Alternativ zu der verschließbaren Schüssel, kann das Fleisch mit samt der Marinade auch in einen Gefrierbeutel gefüllt werden.
An dem eigentlichen Zubereitungstag, wird das Fleisch aus der Marinade genommen und ein wenig mit Salz eingerieben.
In einem großen Topf das Fett erhitzen und das Fleisch ringsum scharf anbraten.

Die Gemüsebrühe nun mit der gleichen Menge Marinade auffüllen und das Fleisch damit ablöschen.
Auf kleiner Stufe nun den Rheinischen Sauerbraten 1 Stunde köcheln lassen, dabei das Fleisch immer wieder mit der Soße übergießen.

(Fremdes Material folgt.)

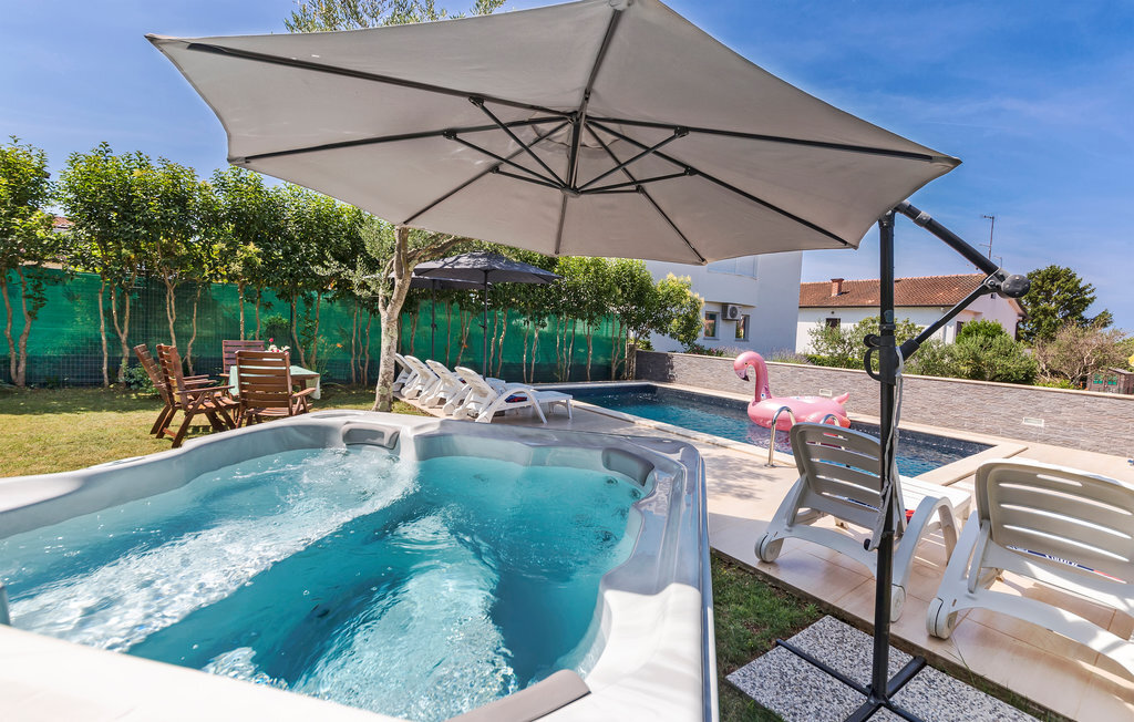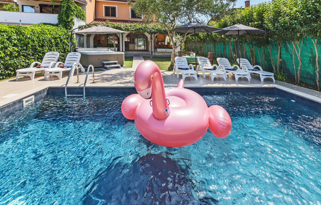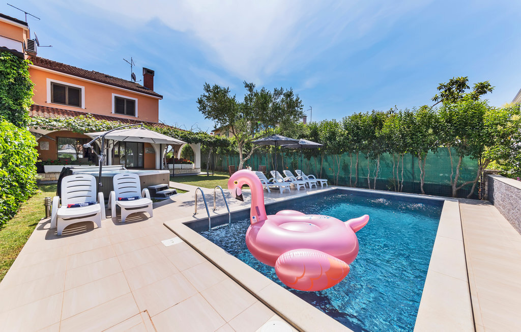 Cette belle maison de vacances avec un vaste jardin aménagé se trouve à proximité d'Umag. Les pièces ouvertes et lumineuses sont confortables et aménagées avec le souci du détail. Depuis le grand salon, on accède à la terrasse couverte ombragée qui offre une vue magnifique sur le jardin bien entretenu, planté de différentes plantes méditerranéennes. Vous pourrez y passer de longues soirées barbecue dans une atmosphère agréable. Visitez également Umag avec ses nombreuses possibilités pour les vacanciers actifs et pour ceux qui aspirent à une vie nocturne bien remplie.

In dieser Zeit den Lebkuchen zerkleinern und zusammen mit dem Rosinennach dieser Kochzeit in die Soße einrühren.

Der Rheinische Sauerbraten muss nun noch einmal für ca. 45 min schmoren.
Zum Anrichten das Fleisch in Scheiben schneiden und mit der Soße sowie Rotkohl und Knödel servieren.
Statt des Lebkuchens kann auch Pumpernickel verwendet werden.